From the listing below, output the lines between the one with "6.2.2 钢筋笼制作应对钢" and the one with "- フロントにブラックレザー", including those two, and nothing else. Pictures are not copied.

# # # # # # #

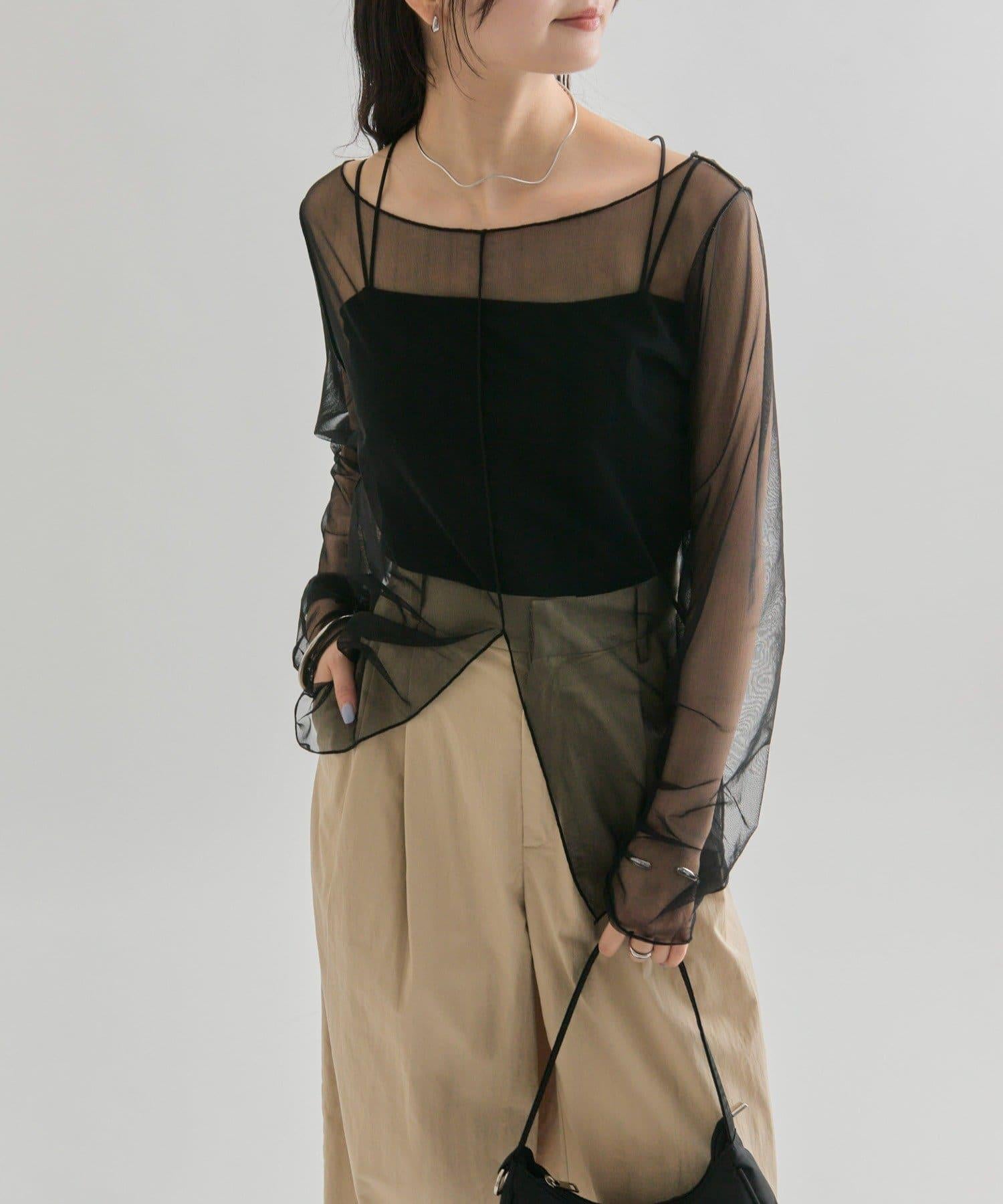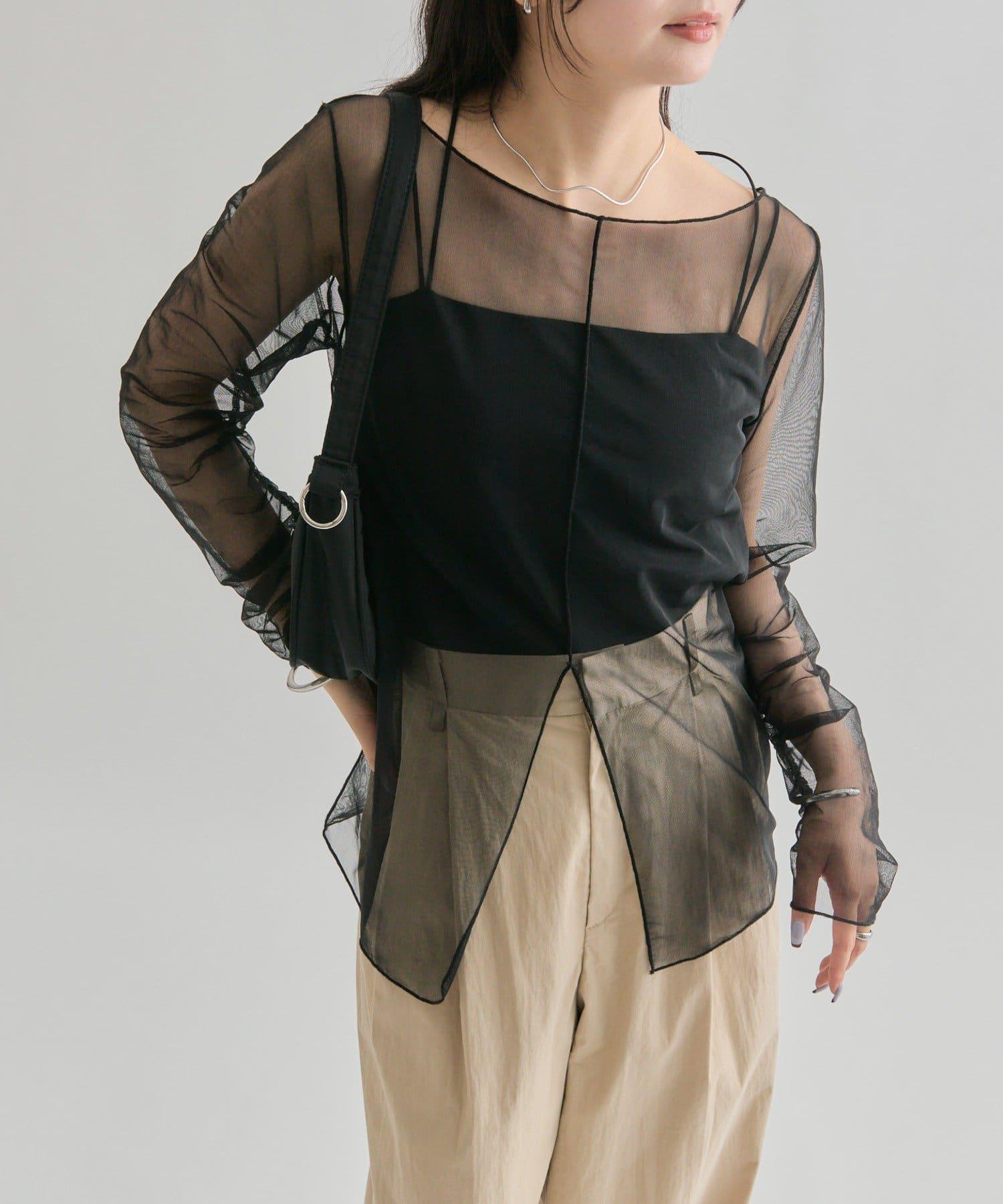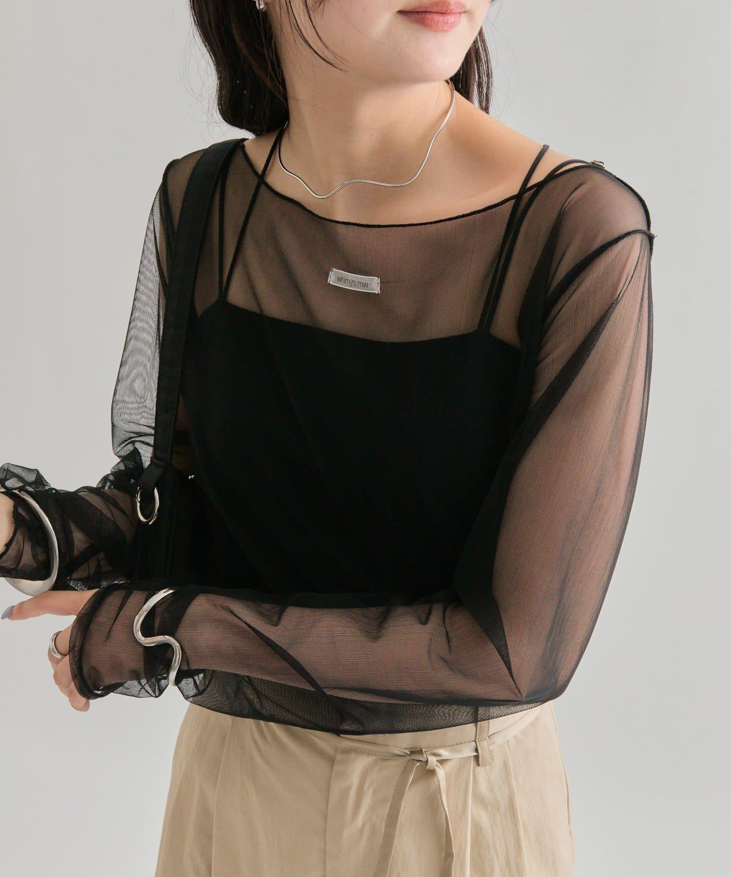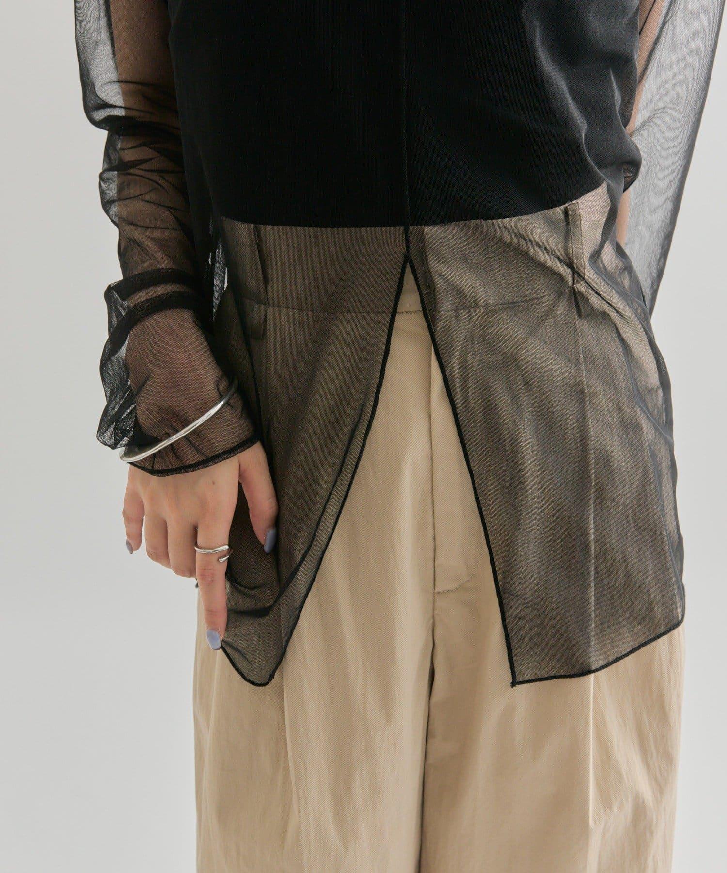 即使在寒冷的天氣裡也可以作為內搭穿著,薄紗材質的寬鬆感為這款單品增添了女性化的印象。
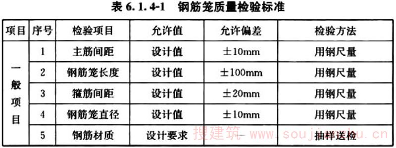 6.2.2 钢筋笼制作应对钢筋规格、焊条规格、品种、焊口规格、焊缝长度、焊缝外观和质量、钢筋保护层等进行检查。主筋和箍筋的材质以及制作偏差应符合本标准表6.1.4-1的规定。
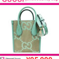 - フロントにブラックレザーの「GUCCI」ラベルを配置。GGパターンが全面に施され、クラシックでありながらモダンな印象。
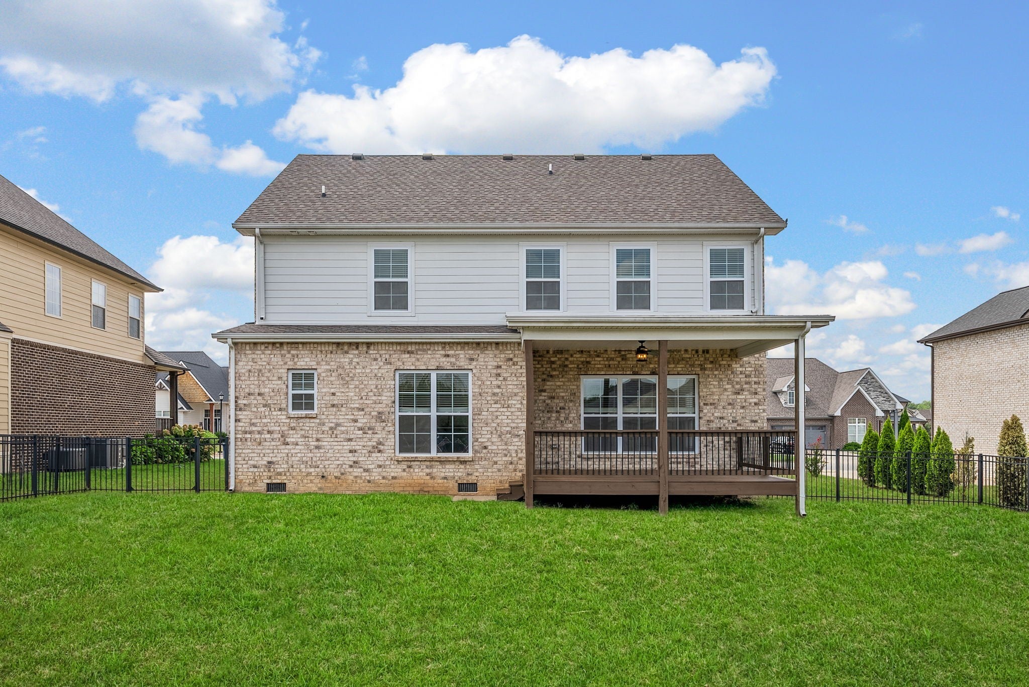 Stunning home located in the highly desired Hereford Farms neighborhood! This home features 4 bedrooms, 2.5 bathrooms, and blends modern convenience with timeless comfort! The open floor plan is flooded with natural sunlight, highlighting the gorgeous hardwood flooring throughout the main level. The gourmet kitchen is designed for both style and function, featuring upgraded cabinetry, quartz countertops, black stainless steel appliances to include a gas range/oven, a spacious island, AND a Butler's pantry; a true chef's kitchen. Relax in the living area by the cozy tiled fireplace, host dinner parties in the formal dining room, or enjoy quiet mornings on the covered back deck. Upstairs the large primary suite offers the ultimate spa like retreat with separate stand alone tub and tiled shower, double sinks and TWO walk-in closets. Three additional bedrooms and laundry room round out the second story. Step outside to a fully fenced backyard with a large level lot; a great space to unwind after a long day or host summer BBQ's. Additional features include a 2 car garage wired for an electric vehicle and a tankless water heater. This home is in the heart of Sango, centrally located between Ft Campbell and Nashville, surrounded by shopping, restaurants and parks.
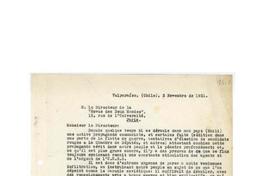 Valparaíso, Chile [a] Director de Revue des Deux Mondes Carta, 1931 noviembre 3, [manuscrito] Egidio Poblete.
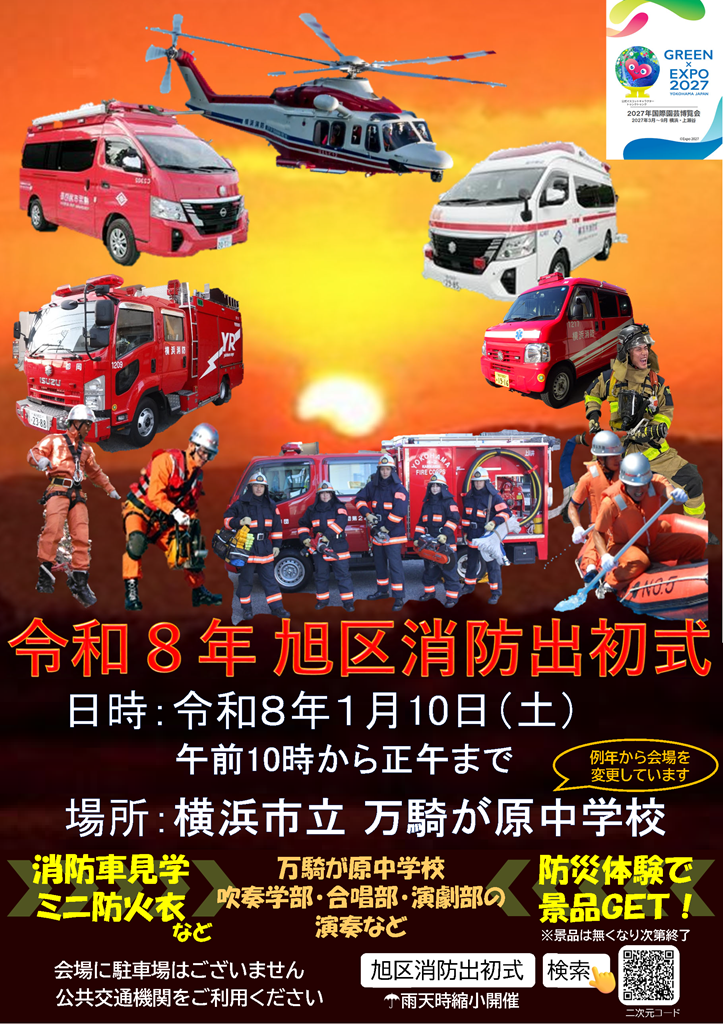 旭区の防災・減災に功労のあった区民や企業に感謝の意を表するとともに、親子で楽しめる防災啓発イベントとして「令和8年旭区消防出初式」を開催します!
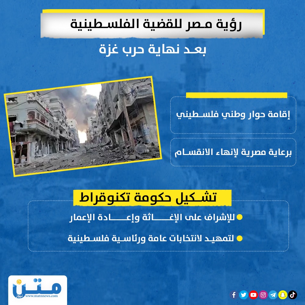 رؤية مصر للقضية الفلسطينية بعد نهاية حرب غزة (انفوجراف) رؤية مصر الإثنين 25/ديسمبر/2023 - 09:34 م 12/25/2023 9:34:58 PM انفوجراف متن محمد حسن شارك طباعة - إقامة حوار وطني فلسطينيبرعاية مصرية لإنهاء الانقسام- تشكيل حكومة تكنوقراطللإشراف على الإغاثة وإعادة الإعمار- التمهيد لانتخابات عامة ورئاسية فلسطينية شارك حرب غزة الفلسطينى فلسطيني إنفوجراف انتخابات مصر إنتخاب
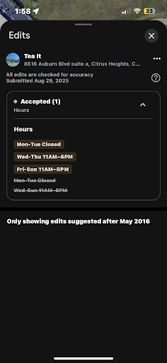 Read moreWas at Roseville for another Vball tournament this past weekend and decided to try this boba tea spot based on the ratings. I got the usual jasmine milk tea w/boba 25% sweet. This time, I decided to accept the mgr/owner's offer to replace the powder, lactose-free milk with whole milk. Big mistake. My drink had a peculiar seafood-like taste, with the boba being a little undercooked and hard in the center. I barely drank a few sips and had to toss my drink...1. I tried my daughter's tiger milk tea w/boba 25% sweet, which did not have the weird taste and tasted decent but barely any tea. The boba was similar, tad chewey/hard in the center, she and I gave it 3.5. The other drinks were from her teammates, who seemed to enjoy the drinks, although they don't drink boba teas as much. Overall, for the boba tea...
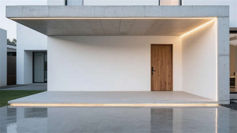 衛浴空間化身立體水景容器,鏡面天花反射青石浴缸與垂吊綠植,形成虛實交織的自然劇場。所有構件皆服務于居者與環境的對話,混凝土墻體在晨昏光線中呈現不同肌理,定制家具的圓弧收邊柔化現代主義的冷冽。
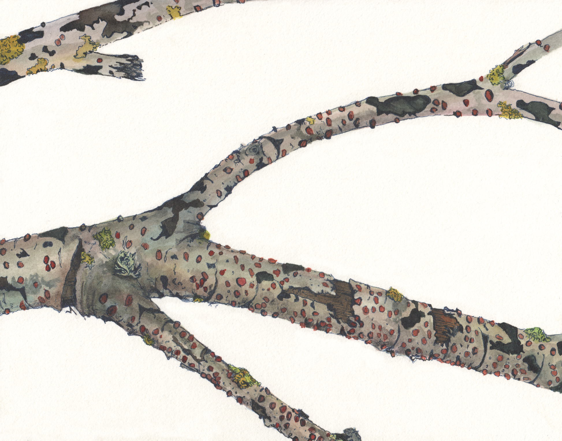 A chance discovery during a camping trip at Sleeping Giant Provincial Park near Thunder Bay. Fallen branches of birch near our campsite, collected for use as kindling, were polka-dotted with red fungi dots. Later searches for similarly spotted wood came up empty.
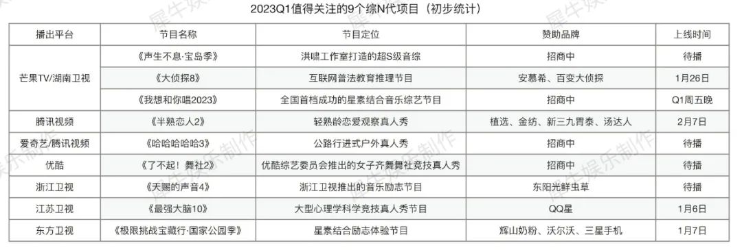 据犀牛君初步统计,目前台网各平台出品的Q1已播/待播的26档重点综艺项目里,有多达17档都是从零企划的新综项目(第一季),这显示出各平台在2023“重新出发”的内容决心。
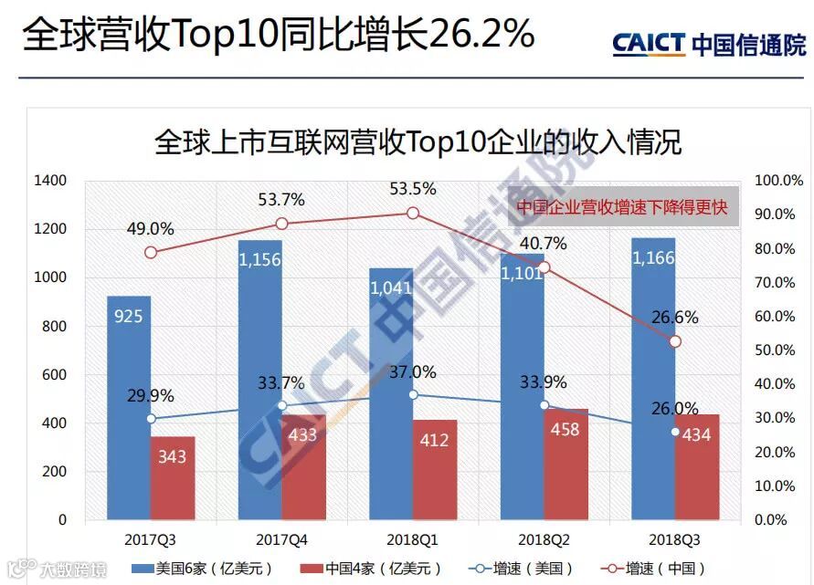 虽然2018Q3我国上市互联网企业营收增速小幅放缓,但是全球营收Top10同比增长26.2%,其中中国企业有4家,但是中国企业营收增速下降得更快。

# # # # # # #

§ Output of the task:
 6.2.2 钢筋笼制作应对钢筋规格、焊条规格、品种、焊口规格、焊缝长度、焊缝外观和质量、钢筋保护层等进行检查。主筋和箍筋的材质以及制作偏差应符合本标准表6.1.4-1的规定。
 - フロントにブラックレザーの「GUCCI」ラベルを配置。GGパターンが全面に施され、クラシックでありながらモダンな印象。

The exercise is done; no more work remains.